The last year has been challenging for the distribution industry across Europe keeping supplies flowing during with the Covid-19 pandemic. The last few weeks have added on Brexit with the UK leaving the EU and lorries held up at Dover and Calais.
“We are very focussed on the front end design and not so caught up in the production quantities,” said Pete Malpas, vice president for the EMEA region (above) who was previously head of northern Europe. “We have a product situation that is very broad but relatively quite shallow. We don’t get into the mass production so we are managing our supply chain.”
This means the UK leaving the EU has a similar impact to Covid-19.
“We have made decisions more than twice to prepare for Brexit,” said Malpas. “There’s a lot going on at the moment. For example, [global logistics company] DB Schenker suspended deliveries into the UK with implications for automotive shipments.”
Those decisions involved increasing stock levels in multiple distribution warehouses.
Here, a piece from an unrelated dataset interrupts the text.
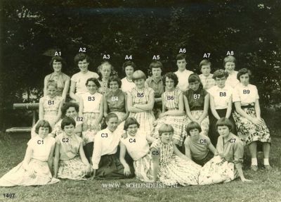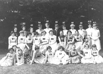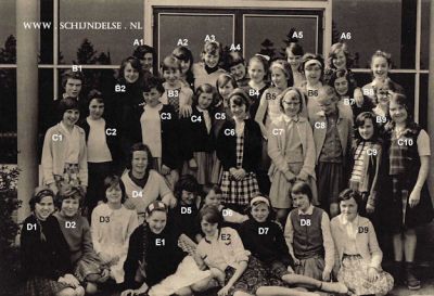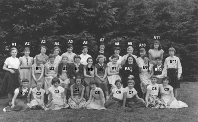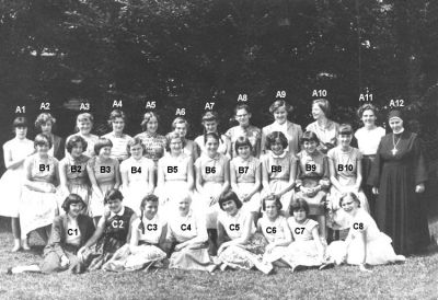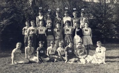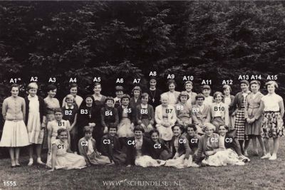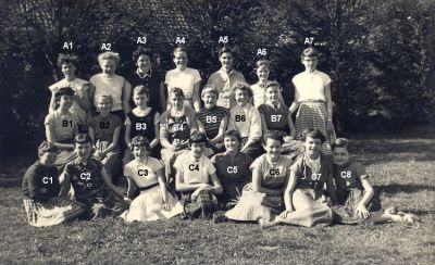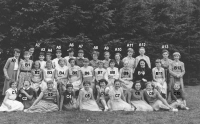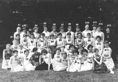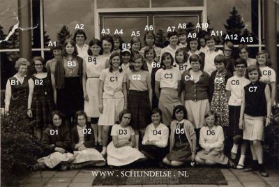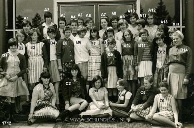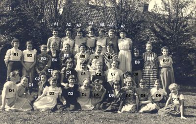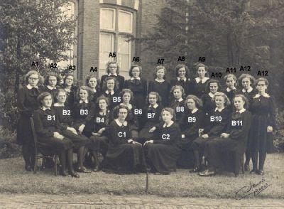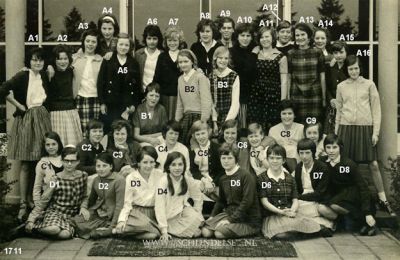 Rij A: : 1. Ingrid Hartman (dochter tandarts), 2. Onbekend, 3. Letty Graafmans, 4. Ineke van Tuijl, 5. Marjan de Jong, 6. Onbekend, 7. Onbekend, 8. Willemien Rooijakkers, 9. Jet Schraven, 10. Rian van der Eerden?, 11. Onbekend, 12. Corrie Oerlemans, 13. Miep Fassbender, 14. Dini Steenbergen, 15. Jeanne van Rooij, 16. Egidia van den Broek (internaat), 17. Ton van den Hoogen (internaat), 18. Wil Verhagen.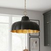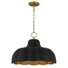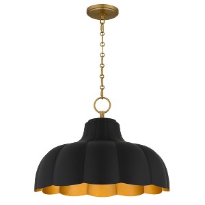 Bathe your space in the warm, golden glow of the Leanne Pendant Light-a timeless piece where classic form meets modern charm. With its gracefully contoured metal shade, the Leanne is finished in a rich matte black that exudes quiet sophistication. Inside, a surprise awaits: a brushed brass interior that captures and reflects light like the soft flicker of candlelight, casting a warm, romantic ambiance. Suspended from a delicate chain with golden links, the Leanne sways gently with the rhythm of the room-perfect for intimate dinners, cozy reading nooks, or serene bedrooms.

“Like many companies we prepared several times for Brexit. We are in a fortunate position where we have multiple stocking locations around the world, and we made the decision early to increase our inventory with around £27m across EMEA,” he said. “We never really took that out, and having that additional inventory really helped. As we headed to the end of the year we put additional inventory in again in multiple locations to help mitigate against any eventuality.
“We’ve had a cross function team working on this for several years and we breathed sigh of relief with a deal at the 12th hour. We serve the DACH [German and central European markets] from Bad Hersfeld in Germany and where we have cross border shipments we moved from road to air – there are implications with that but we are seeing no issues at all with that," he said.